● **Stored data**
────────────────────

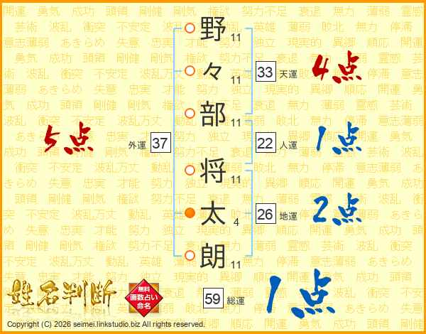 野々部将太朗さんの地運は26画の2点!
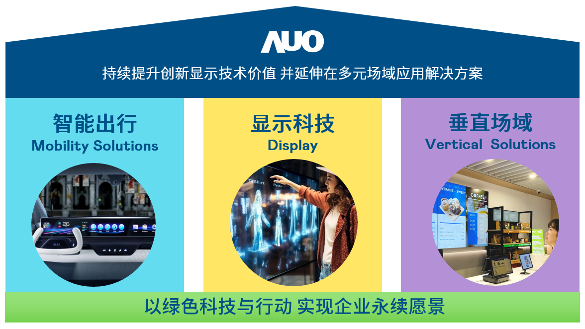 我们持续推动「双轴转型」,在精进显示技术附加价值(Go Premium),与深化垂直市场应用(Go Vertical)的策略下,对应AG百家乐的优势竞争力与趋势,我们奠定显示科技智慧移动垂直场域三大永续营运支柱,在显示技术领域的根基之上,延伸布局多元场域应用解决方案。将先进显示科技助力智慧移动及垂直场域发展,并以绿色科技与行动为实践,在转型之路上贯彻永续经营之愿景。
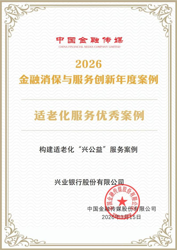 近日,由国家金融监督管理总局主管的中国金融传媒公布了“2026金融消保与服务创新优秀案例”评选结果。兴业银行有两项案例从185家金融机构近400项案例中脱颖而出,成功入选。
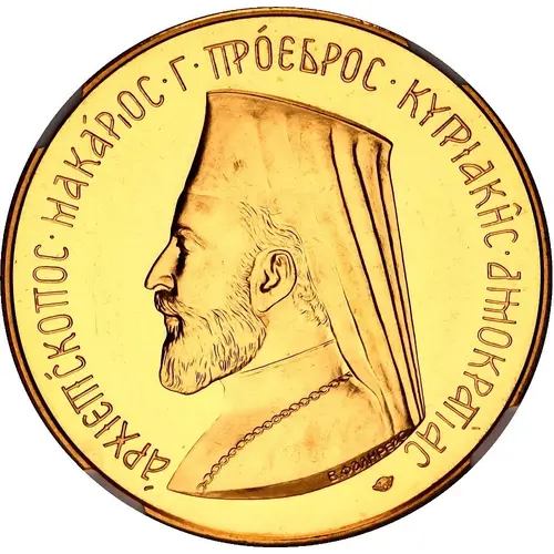 ΑΡΧΙΕΠΙΣΚΟΠΟΣ ΜΑΚΑΡΙΟΣ ΠΡΟΕΔΡΟΣ ΚΥΠΡΙΑΚΗΣ ΔΗΜΟΚΡΑΤΙΑΣ (Translation: Archbishop Makarios President of Cyprus Republic) |

────────────────────

● **To do**
Would you retype the listing above exactly, omitting its pictures?

● **Solved exercise**
 野々部将太朗さんの地運は26画の2点!
 我们持续推动「双轴转型」,在精进显示技术附加价值(Go Premium),与深化垂直市场应用(Go Vertical)的策略下,对应AG百家乐的优势竞争力与趋势,我们奠定显示科技智慧移动垂直场域三大永续营运支柱,在显示技术领域的根基之上,延伸布局多元场域应用解决方案。将先进显示科技助力智慧移动及垂直场域发展,并以绿色科技与行动为实践,在转型之路上贯彻永续经营之愿景。
 近日,由国家金融监督管理总局主管的中国金融传媒公布了“2026金融消保与服务创新优秀案例”评选结果。兴业银行有两项案例从185家金融机构近400项案例中脱颖而出,成功入选。
 ΑΡΧΙΕΠΙΣΚΟΠΟΣ ΜΑΚΑΡΙΟΣ ΠΡΟΕΔΡΟΣ ΚΥΠΡΙΑΚΗΣ ΔΗΜΟΚΡΑΤΙΑΣ (Translation: Archbishop Makarios President of Cyprus Republic) |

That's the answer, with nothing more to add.